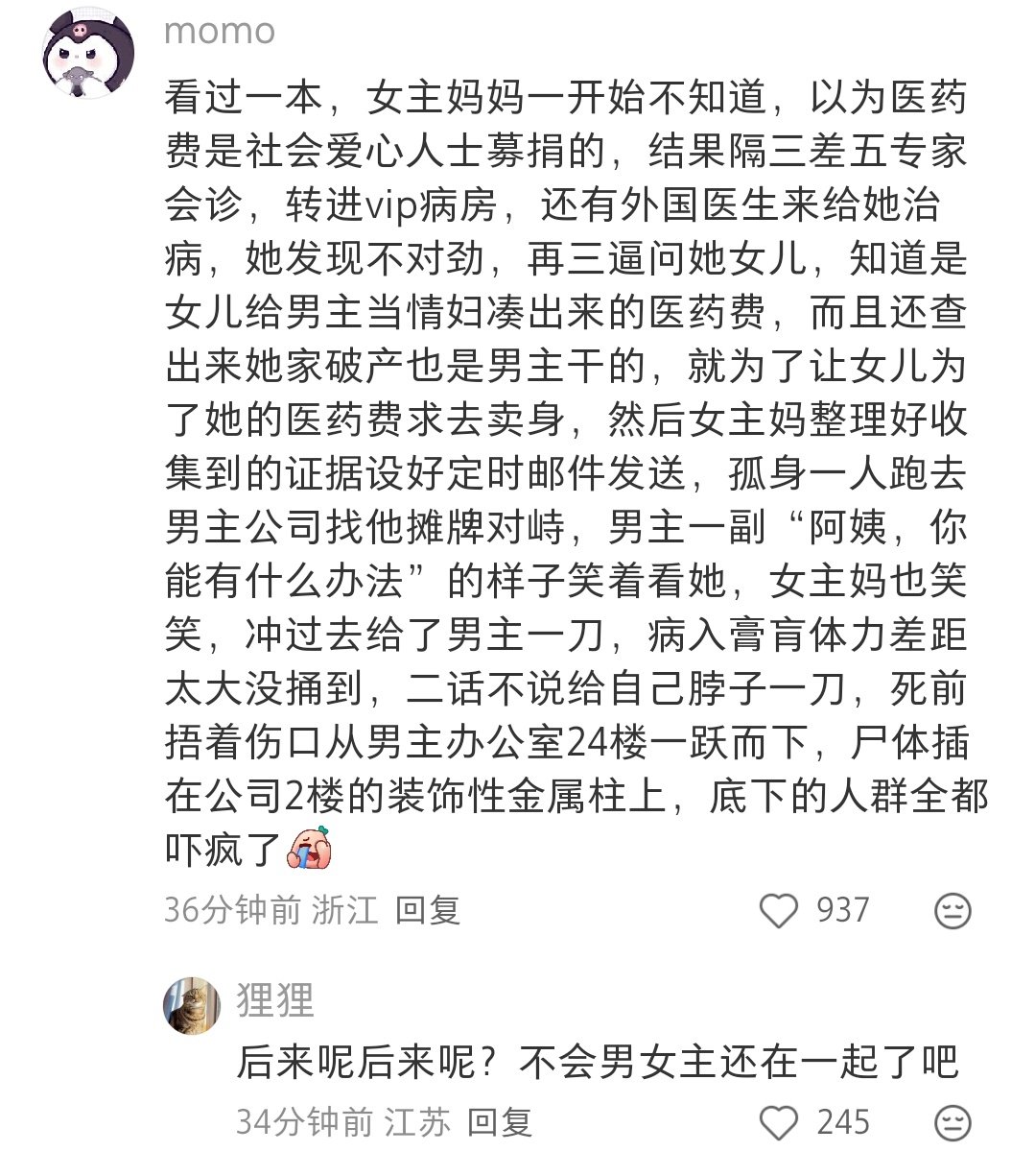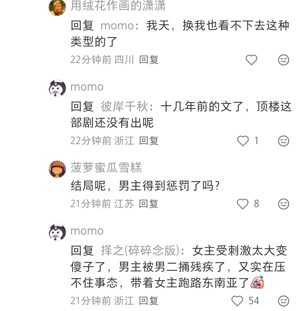 这个帖子评论里说的这本小说,剧情太雷霆了[傻眼]
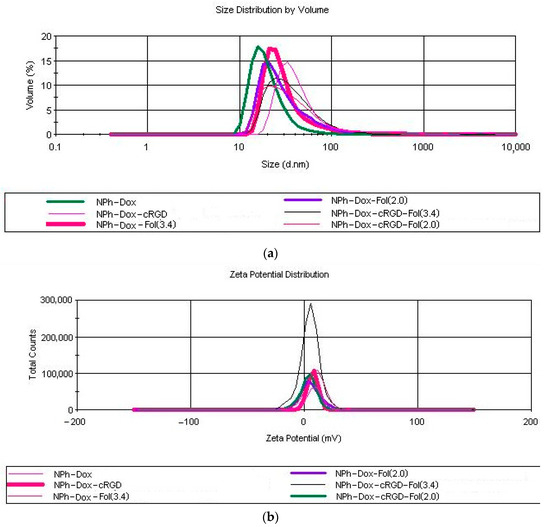 Particle size distribution (a) and zeta potential (b) in the prepared doxorubicin nanocompositions.
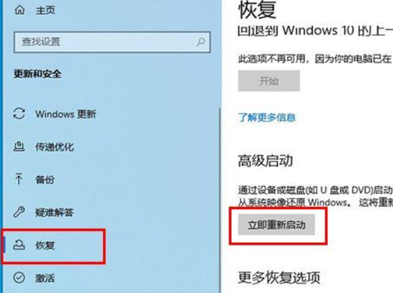 3.點擊恢復,在高級啟動里點擊“立即重新啟動”,系統重啟后進入高級啟動選項,然后我們依次選擇“疑難解答”->“高級選項”->“啟動設置”->“重啟”,使用數字鍵4或者F4,選擇“啟用安全模式”。
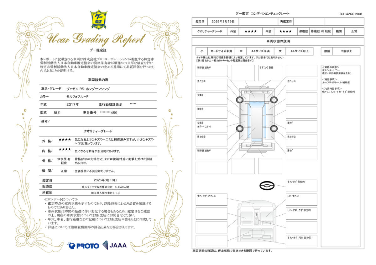 [保証付]:12ヶ月・走行無制限 有償延長保証:対象 |
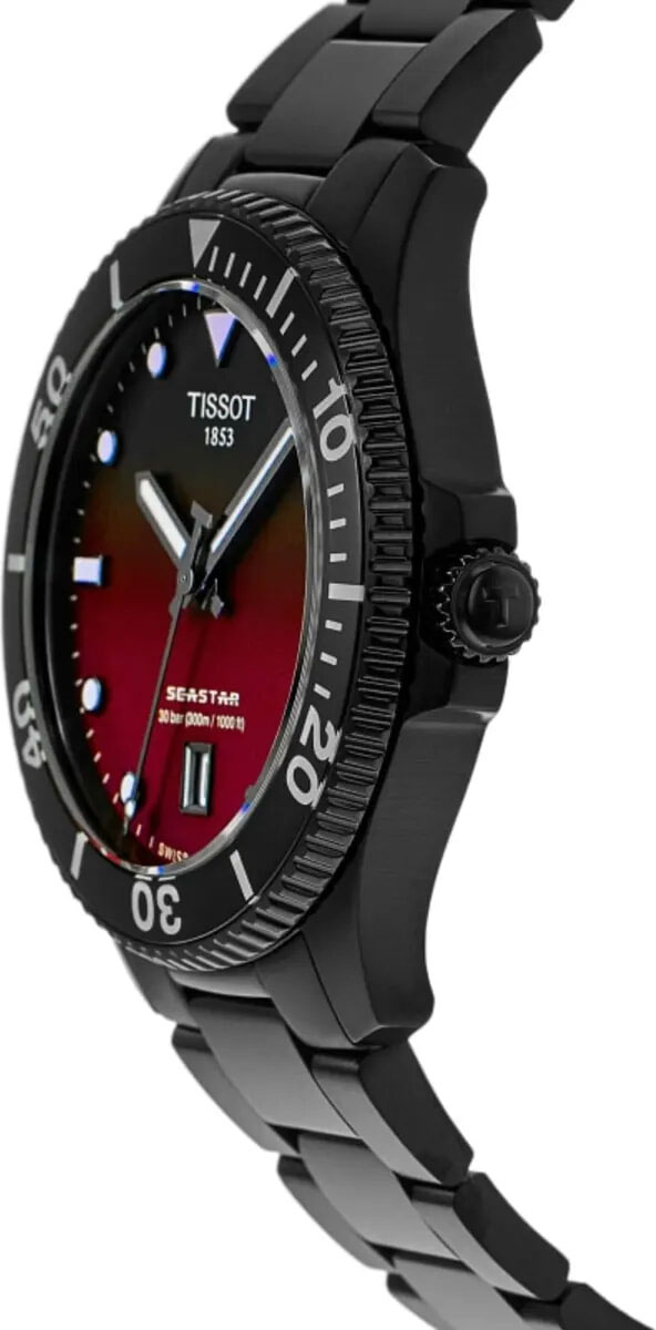 Мужские наручные часы T-Sport Seastar 1000. В механизме 3 камня. Круглый стальной корпус. Рифленый вращающийся в одном направлении безель. Градиентный красно-черный циферблат защищен сапфировым стеклом с двусторонним антибликовым покрытием.
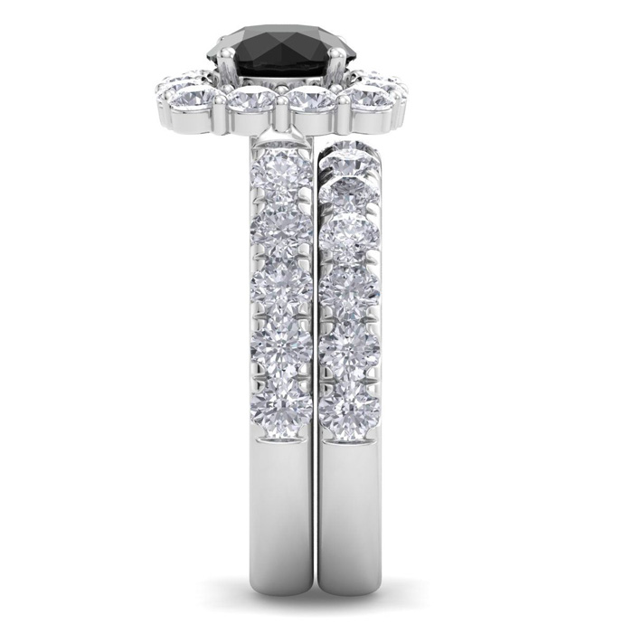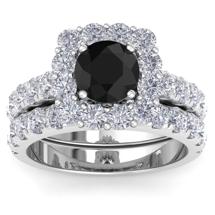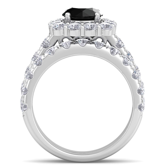 3 1/2 Carat Halo Black Moissanite Bridal Set In 14K White Gold
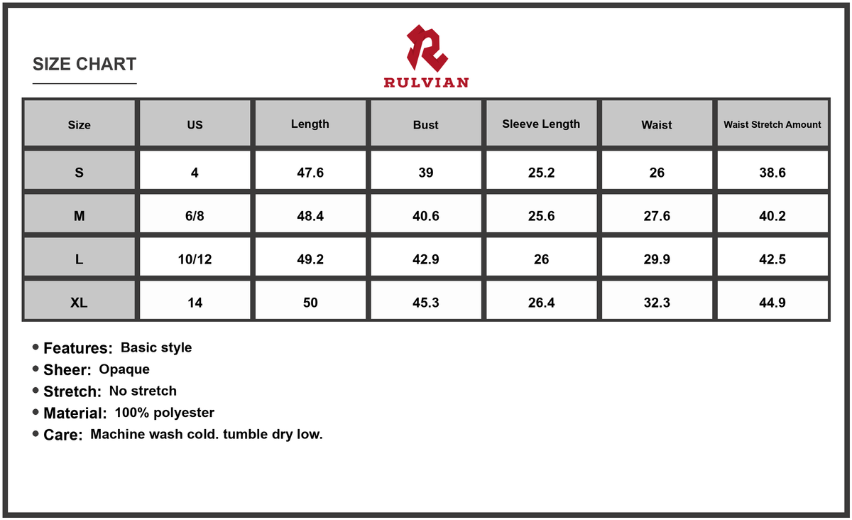 Size US Length Bust Sleeve Length Waist Waist Stretch Amount

What you are asked to do. The lines from the one with "Мужские наручные часы" to the end of the data above should be retyped exactly, both ends included, and pictures are to be left out.

Output for this exercise.
 Мужские наручные часы T-Sport Seastar 1000. В механизме 3 камня. Круглый стальной корпус. Рифленый вращающийся в одном направлении безель. Градиентный красно-черный циферблат защищен сапфировым стеклом с двусторонним антибликовым покрытием.
 3 1/2 Carat Halo Black Moissanite Bridal Set In 14K White Gold
 Size US Length Bust Sleeve Length Waist Waist Stretch Amount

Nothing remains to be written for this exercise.